(SOURCE DATA):
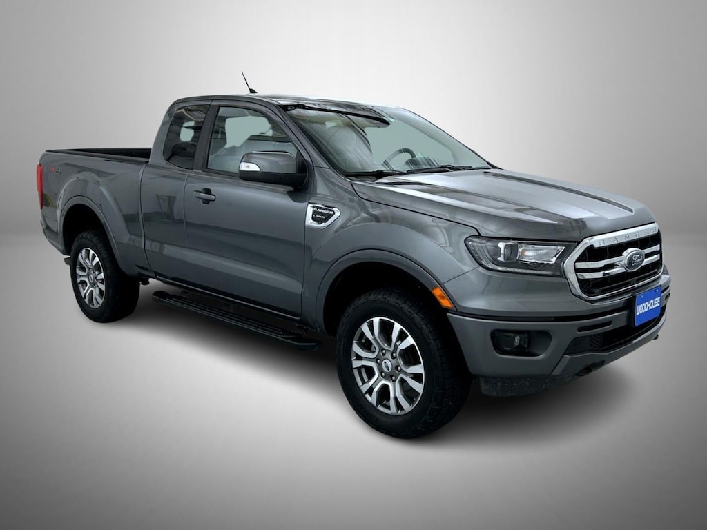 Gray Metallic 2023 Ford Ranger Lariat 4WD 10-Speed Automatic EcoBoost 2.3L I4 GTDi DOHC Turbocharged VCT 3.73 Axle Ratio, 4-Wheel Disc Brakes, 4G LTE Wi-Fi Hotspot Removal, 5" Rectangular Black Running Boards, 6 Speakers, ABS brakes, Air Conditioning, Alloy wheels, AM/FM radio: SiriusXM, AM/FM Stereo, Auto High-beam Headlights, Auto Start-Stop Removal, Auto-dimming Rear-View mirror, Automatic temperature control, Brake assist, Bumpers: body-color, Compass, Delay-off headlights, Driver door bin, Driver vanity mirror, Dual front impact airbags, Dual front side impact airbags, Electronic Stability Control, Emergency communication system: SYNC 3 911 Assist, Equipment Group 500A Standard, Exterior Parking Camera Rear, Front anti-roll bar, Front Bucket Seats, Front Center Armrest, Front dual zone A/C, Front fog lights, Front Heated Leather-Trimmed Bucket Seats, Front License Plate Bracket, Front reading lights, Front wheel independent suspension, Fully automatic headlights, Heated door mirrors, Heated front seats, Illuminated entry, Leather Shift Knob, Leather steering wheel, Low tire pressure warning, Occupant sensing airbag, Outside temperature display, Overhead airbag, Overhead console, Panic alarm, Passenger door bin, Passenger vanity mirror, Power door mirrors, Power driver seat, Power passenger seat, Power steering, Power windows, Rear step bumper, Rear window defroster, Remote keyless entry, Security system, SiriusXM Satellite Radio, Speed control, Speed-sensing steering, Steering wheel mounted audio controls, SYNC 3, SYNC 3/Apple CarPlay/Android Auto, Telescoping steering wheel, Tilt steering wheel, Traction control, Trip computer, Turn signal indicator mirrors, Variably intermittent wipers, Voltmeter, Wheels: 18" Machined Alum w/Stealth Gray Pockets.
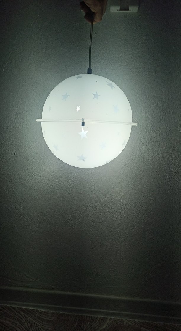 Yıldız desenli beyaz yuvarlak avize, yumuşak ve sakinleştirici bir ışık sağlar. Her odaya hoş bir atmosfer katar.
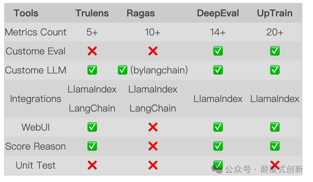 TruLens 和 Ragas 是最早的 RAG 评估工具之一,而 DeepEval 和 UpTrain 则是后来出现的。这些更新的工具可能受到早期工具的启发,从而拥有更全面的指标和改进的功能。然而,TruLens 和 Ragas 仍然具有独特的优势,例如 TruLens 直观的结果和 Ragas 为 RAG 应用量身定制的指标。
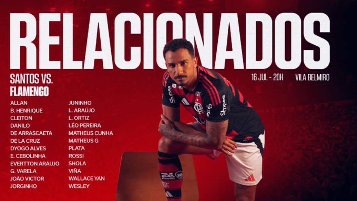 O Flamengo divulgou, na manhã desta terça-feira (15), a lista de relacionados para a partida contra o Santos, pela Série A do Campeonato Brasileiro. O atacante Pedro ficou de fora da relação pela segunda vez consecutiva e não estará a disposição do técnico Filipe Luís em meio a rumores de saída do Rubro-negro. A partida acontece na quarta-feira (16), às 20h (de Brasília).

(WHAT IS BEING ASKED):
Restate all the material verbatim; omit every picture.

(FINISHED EXERCISE):
 Gray Metallic 2023 Ford Ranger Lariat 4WD 10-Speed Automatic EcoBoost 2.3L I4 GTDi DOHC Turbocharged VCT 3.73 Axle Ratio, 4-Wheel Disc Brakes, 4G LTE Wi-Fi Hotspot Removal, 5" Rectangular Black Running Boards, 6 Speakers, ABS brakes, Air Conditioning, Alloy wheels, AM/FM radio: SiriusXM, AM/FM Stereo, Auto High-beam Headlights, Auto Start-Stop Removal, Auto-dimming Rear-View mirror, Automatic temperature control, Brake assist, Bumpers: body-color, Compass, Delay-off headlights, Driver door bin, Driver vanity mirror, Dual front impact airbags, Dual front side impact airbags, Electronic Stability Control, Emergency communication system: SYNC 3 911 Assist, Equipment Group 500A Standard, Exterior Parking Camera Rear, Front anti-roll bar, Front Bucket Seats, Front Center Armrest, Front dual zone A/C, Front fog lights, Front Heated Leather-Trimmed Bucket Seats, Front License Plate Bracket, Front reading lights, Front wheel independent suspension, Fully automatic headlights, Heated door mirrors, Heated front seats, Illuminated entry, Leather Shift Knob, Leather steering wheel, Low tire pressure warning, Occupant sensing airbag, Outside temperature display, Overhead airbag, Overhead console, Panic alarm, Passenger door bin, Passenger vanity mirror, Power door mirrors, Power driver seat, Power passenger seat, Power steering, Power windows, Rear step bumper, Rear window defroster, Remote keyless entry, Security system, SiriusXM Satellite Radio, Speed control, Speed-sensing steering, Steering wheel mounted audio controls, SYNC 3, SYNC 3/Apple CarPlay/Android Auto, Telescoping steering wheel, Tilt steering wheel, Traction control, Trip computer, Turn signal indicator mirrors, Variably intermittent wipers, Voltmeter, Wheels: 18" Machined Alum w/Stealth Gray Pockets.
 Yıldız desenli beyaz yuvarlak avize, yumuşak ve sakinleştirici bir ışık sağlar. Her odaya hoş bir atmosfer katar.
 TruLens 和 Ragas 是最早的 RAG 评估工具之一,而 DeepEval 和 UpTrain 则是后来出现的。这些更新的工具可能受到早期工具的启发,从而拥有更全面的指标和改进的功能。然而,TruLens 和 Ragas 仍然具有独特的优势,例如 TruLens 直观的结果和 Ragas 为 RAG 应用量身定制的指标。
 O Flamengo divulgou, na manhã desta terça-feira (15), a lista de relacionados para a partida contra o Santos, pela Série A do Campeonato Brasileiro. O atacante Pedro ficou de fora da relação pela segunda vez consecutiva e não estará a disposição do técnico Filipe Luís em meio a rumores de saída do Rubro-negro. A partida acontece na quarta-feira (16), às 20h (de Brasília).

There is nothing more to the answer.